Condition or disease Intervention/treatment
Vulvodynia Other: Vulvodynia

Detailed Description:

Women aged 18-40 years who were seen for any reason within a 2-year period at one of the Twin Cities metro-area's Fairview Health Services outpatient clinics will be send a confidential self-administered questionnaire, and given the option to return it by mail, or complete it via phone or via a secure online server. This questionnaire will serve to determine any history of unexplained vulvar pain. Those with a history of past or current vulvar pain likely to represent vulvodynia, will be asked to come to one of four study clinic locations to confirm the diagnosis of vulvodynia. If confirmed, they will be asked to provide venous blood and vulvovaginal specimens. In addition, they will be asked to complete a medical history and psychosocial survey, along with an interviewer-administered Structured Clinical Interview for the Diagnostic and Statistical Manual-IV (SCID-IV). A random sample of women with no history of vulvar pain will be asked to serve as controls.
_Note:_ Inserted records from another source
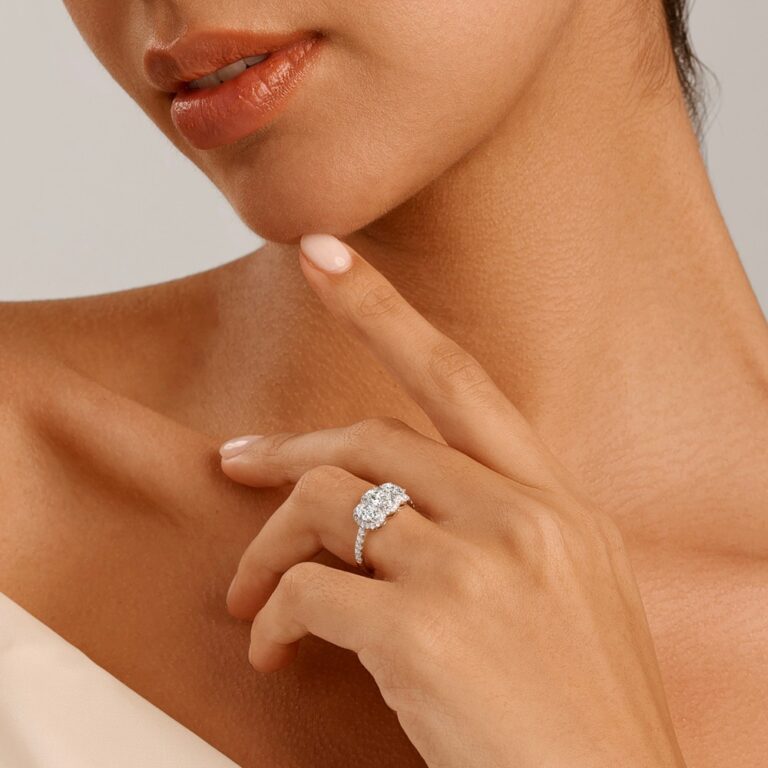 1-3carat oval lab-grown IGI certified diamond, set in an 18K white gold engagement ring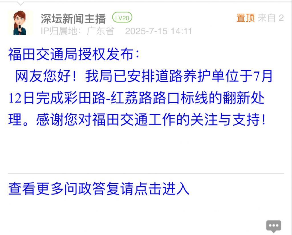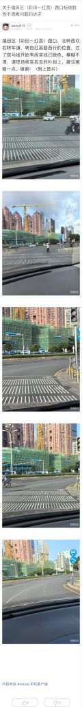 9. 帖文《關(guān)于福田區(qū)(彩田~紅荔)路口標(biāo)線脫色不清晰問題的訴求》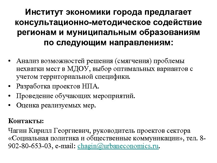 Институт экономики города предлагает консультационно-методическое содействие регионам и муниципальным образованиям по следующим направлениям: • Анализ возможностей решения (смягчения) проблемы нехватки мест в МДОУ, выбор оптимальных вариантов с учетом территориальной специфики. • Разработка проектов НПА. • Проведение обучающих мероприятий. • Оценка реализуемых мер. Контакты: Чагин Кирилл Георгиевич, руководитель проектов сектора «Социальная политика и общественные коммуникации» , тел. 8902 -80 -653 -03, e-mail: chagin@urbaneconomics. ru.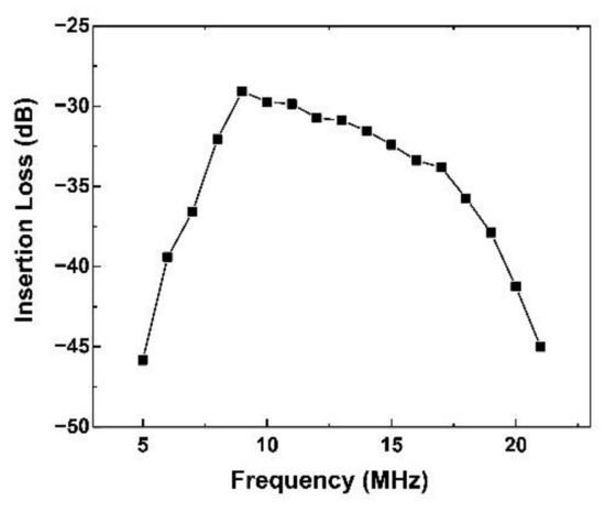 The value of insertion-loss could evaluate the availability of electromechanical efficiency of the acoustic tweezers. The two-way insertion-loss of the acoustic tweezers can be found in Figure 4. The optimal insertion-loss was found at 9 MHz with −29 dB. Furthermore, the insertion-loss in 8 MHz to 17 MHz was retained higher than −33 dB, which means the acoustic tweezers could achieve high sensitivity under a wide excitation/receiving frequency.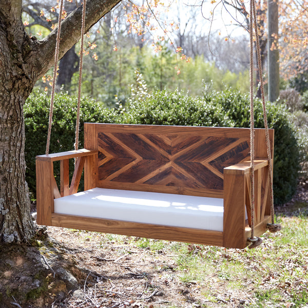 Hang this sturdy, petite swing from a covered porch and make a statement with its bold chevron backrest. It comes with a 50 foot customizable jute rope with red accents that is ½"" dia. for hanging. Also, it includes a plush 100% cotton cushion to make the experience very relaxing. This piece is made from solid mango wood. Real wood is a product of nature, and as such, no two pieces are alike. Variations in grain, patterns, and color are to be expected and help create a beautiful and unique one-of-a-kind piece. This item comes fully assembled.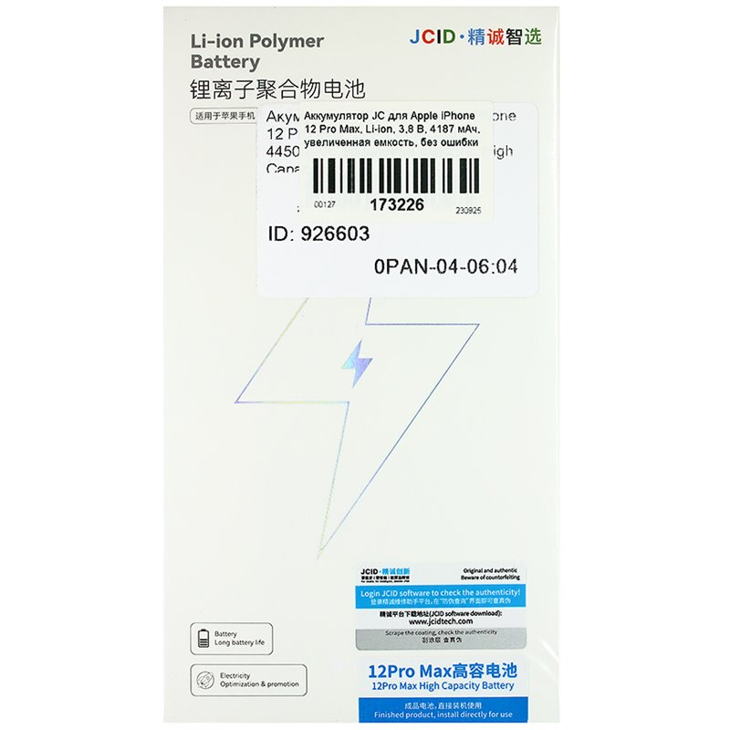 Аккумулятор JC для Apple iPhone 12 Pro Max, Li-ion, 3,8 В, 4187 мАч, увеличенная емкость, без ошибки (173226)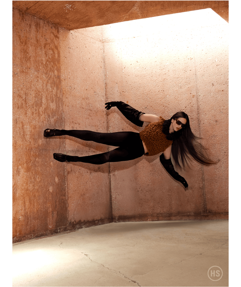 Top, pants, and boots ALAÏA Earrings EÉRA Rings PANCONESI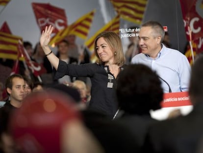 "Allá donde estés, Pere, yo estaré cerca", ha dicho la candidata a Pere Navarro. El primer edil de Terrassa se postula para sustituir a José Montilla en la dirección del partido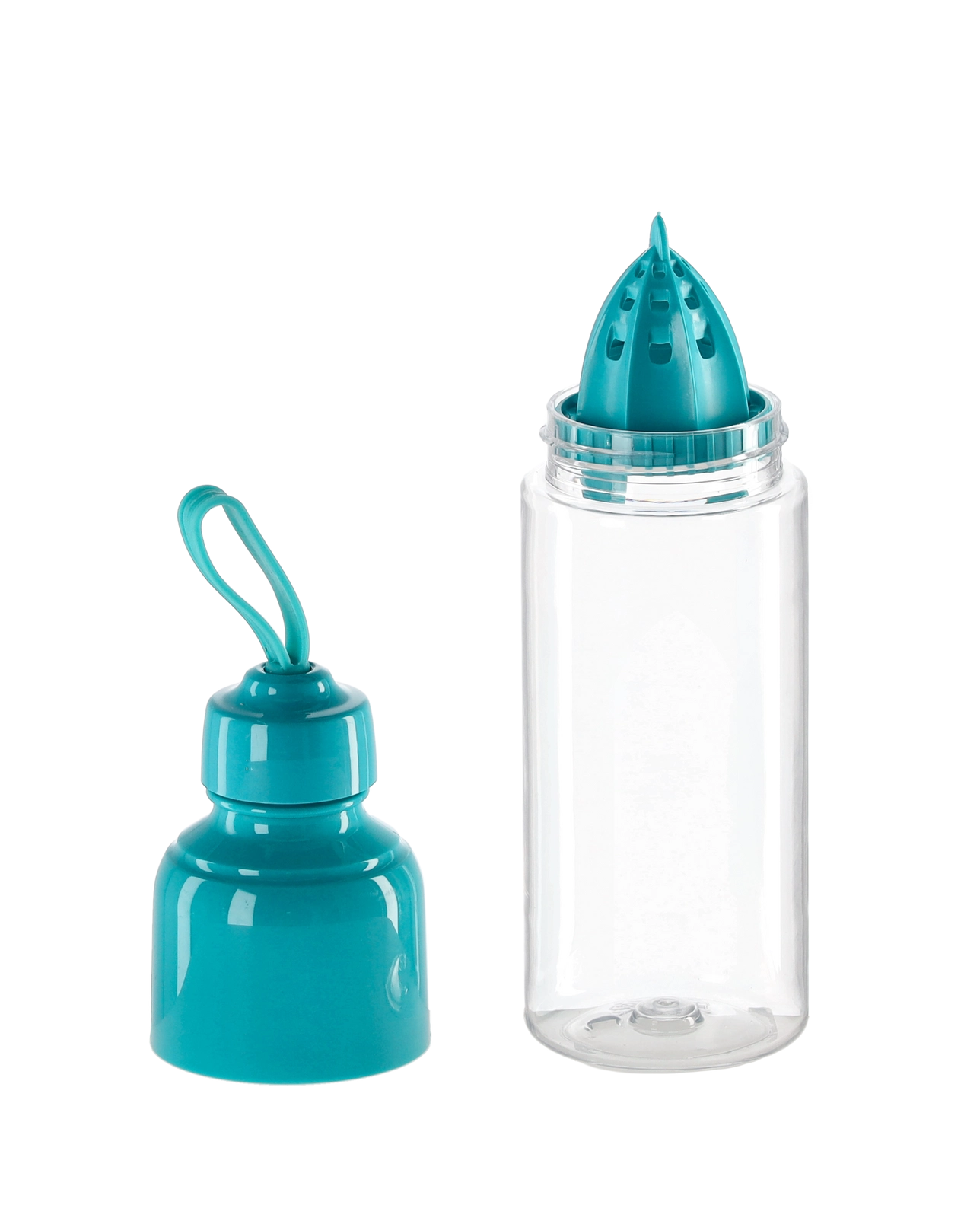 Frissítsd fel folyadékbeviteledet frissen facsart citruslével közvetlenül a palackban. A beépített citrusprés gyors facsarásra és a víz azonnali, vitamindús ízesítésére szolgál. Az átlátszó palacktest megkönnyíti a tartalom ellenőrzését, kompakt méreteinek köszönhetően pedig elfér táskában és hátizsákban is.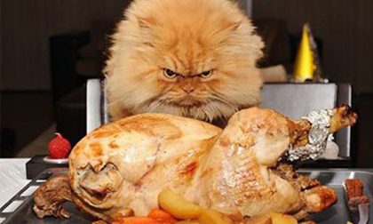 Chú mèo xù lông, cáu kỉnh trước bàn tiệc thịnh soạn.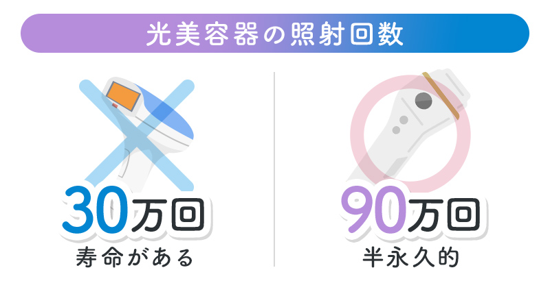脱毛器には照射回数の「上限」があります。選ぶ際は、半永久的に照射可能な「90万回以上」のものを選びましょう!
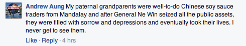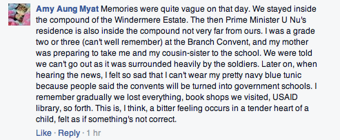 Thant Myint-U was describing history, not a direct personal experience; he was born four years later. But his post prompted others to leave personal (and inevitably heartbreaking) memories in the comments section.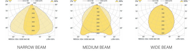 מערכת אופטית פיזור פוטומטרי לבחירה Narrow beam (NB) / Medium beam (MB) / Wide beam (WB). למידע על אופטיקות נוספות יש לפנות למחלקת הנדסה.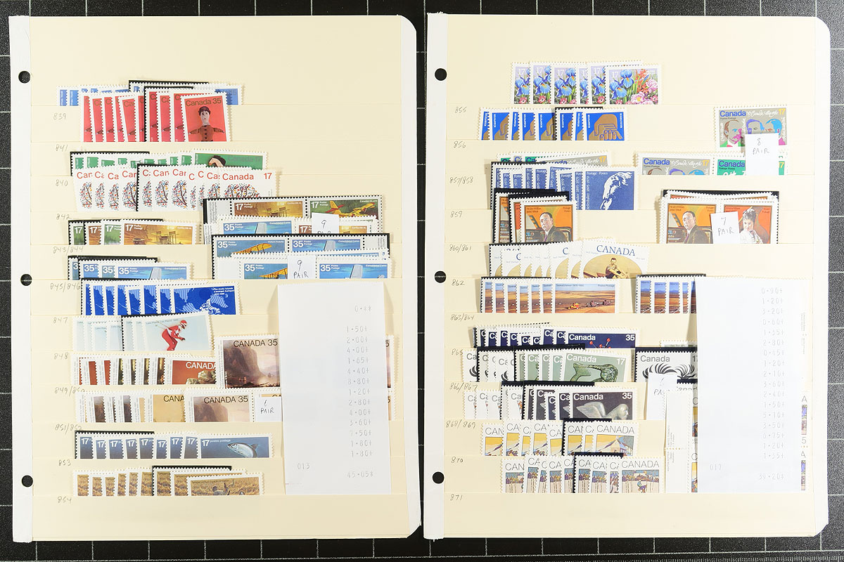 Mega Mint Holding. The next installment of this mint holding, this time 1977-1989, arranged on manila stocksheets within a binder. Noted se-tenant, "Wildflowers" definitves, "Mammals", high-values etc. All neatly identified and arranged, accurately on the pages. Cataloged by the previous owner, using only the lowest value given, so plenty of upside to the valuation count. Owner's Unitrade =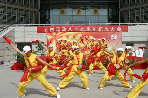 在强劲有力的鼓点声中,一系列文体表演陆续登场。有独具陕北特色的安塞腰鼓,有动感时尚的街舞,有气势恢宏的中华武术,还有活力十足的健美操,充分展示了西安工大学生朝气蓬勃的青春风采。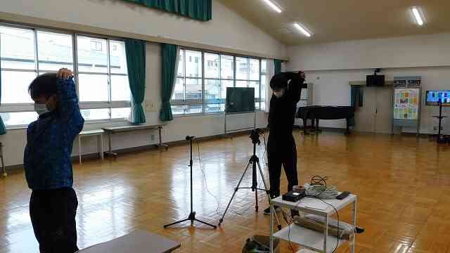 室内でストレッチしてみよう-体育朝会(テレビ放送)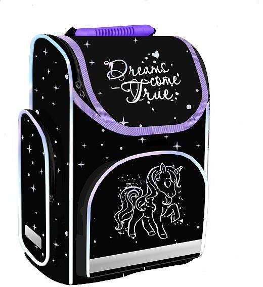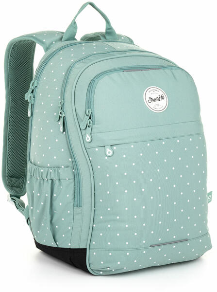 Fő jellemzői: súlya 1 200 gramm préselt anatómiailag formázott hátrész merevítéssel két rekesszel, két elülső zsebbel állítható magasságú mellkaspánt párnázott puha vállpántok fényvisszaverő elemek esőgátló bevonat TOPDURA anyagból készült szilárd aljzat az iskolatáskát az ITC Zlín tesztelte fogantyú az iskolatáska padra akasztásához és kézben való hordoz

Those confirmed as controls will also be asked to provide the same biological specimens and complete the same questionnaires/interview.

The long-term objective of this research is to provide etiological information that may prove critical to the treatment and prevention of vulvodynia, an under-recognized and extremely debilitating condition that we and others have shown may affect up to 10% of the adult female population.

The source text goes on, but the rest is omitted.